● **Entries provided**
########################################
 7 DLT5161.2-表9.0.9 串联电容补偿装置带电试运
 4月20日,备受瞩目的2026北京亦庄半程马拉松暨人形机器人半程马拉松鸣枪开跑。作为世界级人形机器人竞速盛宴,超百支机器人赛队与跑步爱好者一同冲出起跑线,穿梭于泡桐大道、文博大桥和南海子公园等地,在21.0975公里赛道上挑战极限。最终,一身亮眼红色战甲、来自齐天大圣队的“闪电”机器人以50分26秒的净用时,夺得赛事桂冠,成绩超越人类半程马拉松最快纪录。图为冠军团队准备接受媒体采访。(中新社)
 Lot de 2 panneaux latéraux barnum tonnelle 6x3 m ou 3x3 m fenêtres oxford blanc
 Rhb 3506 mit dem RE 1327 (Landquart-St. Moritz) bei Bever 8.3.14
########################################
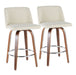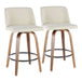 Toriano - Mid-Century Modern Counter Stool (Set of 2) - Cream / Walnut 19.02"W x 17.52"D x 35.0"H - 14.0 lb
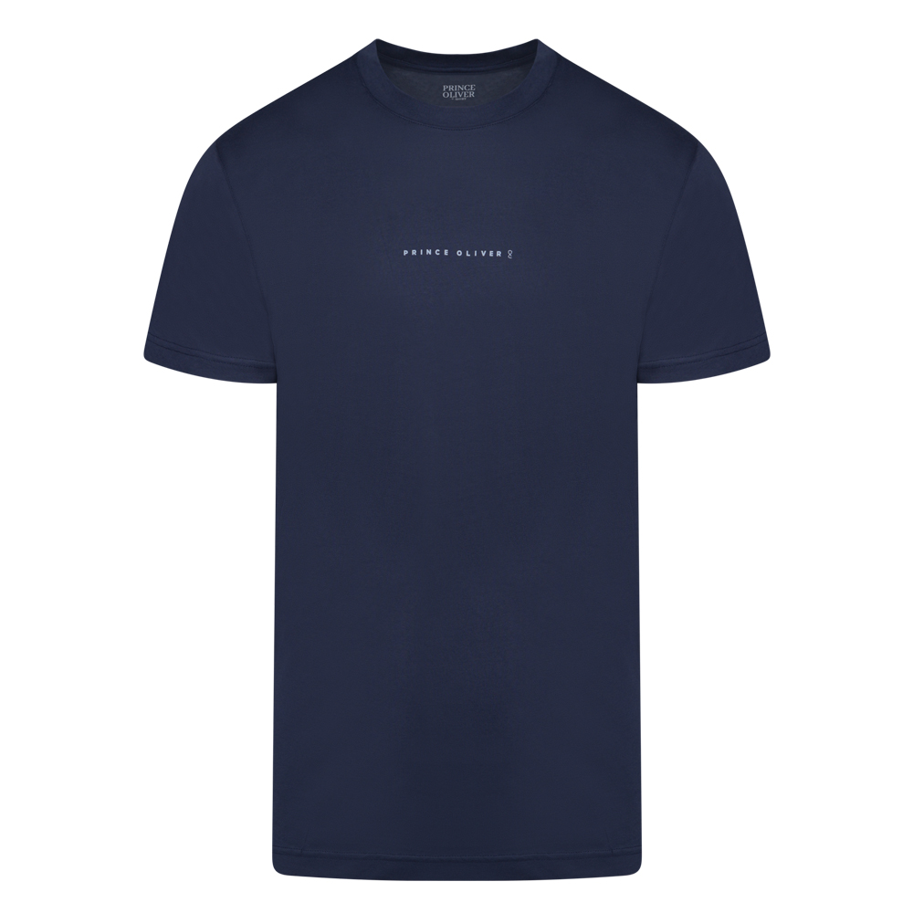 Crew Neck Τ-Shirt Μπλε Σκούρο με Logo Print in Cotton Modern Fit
########################################
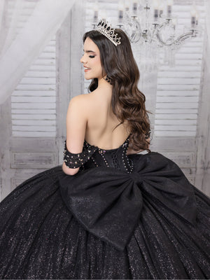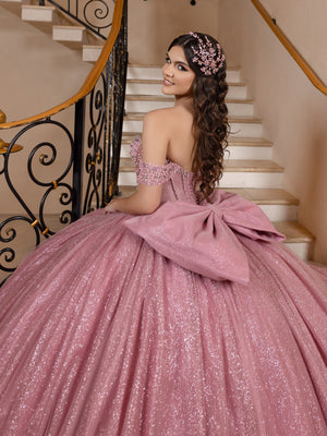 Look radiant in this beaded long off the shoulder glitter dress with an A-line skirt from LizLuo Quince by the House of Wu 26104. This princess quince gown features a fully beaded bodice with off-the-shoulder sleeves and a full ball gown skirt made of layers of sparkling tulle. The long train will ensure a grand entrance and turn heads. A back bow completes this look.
########################################
● **Task goal**
Here the job is to set down exactly the lines of the material above that fall between the one with "7 DLT5161.2-表9.0.9 串联电容补偿装置带电试运" and the one with "Rhb 3506 mit", inclusive, and nothing beyond them.

● **Exercise response**
 7 DLT5161.2-表9.0.9 串联电容补偿装置带电试运
 4月20日,备受瞩目的2026北京亦庄半程马拉松暨人形机器人半程马拉松鸣枪开跑。作为世界级人形机器人竞速盛宴,超百支机器人赛队与跑步爱好者一同冲出起跑线,穿梭于泡桐大道、文博大桥和南海子公园等地,在21.0975公里赛道上挑战极限。最终,一身亮眼红色战甲、来自齐天大圣队的“闪电”机器人以50分26秒的净用时,夺得赛事桂冠,成绩超越人类半程马拉松最快纪录。图为冠军团队准备接受媒体采访。(中新社)
 Lot de 2 panneaux latéraux barnum tonnelle 6x3 m ou 3x3 m fenêtres oxford blanc
 Rhb 3506 mit dem RE 1327 (Landquart-St. Moritz) bei Bever 8.3.14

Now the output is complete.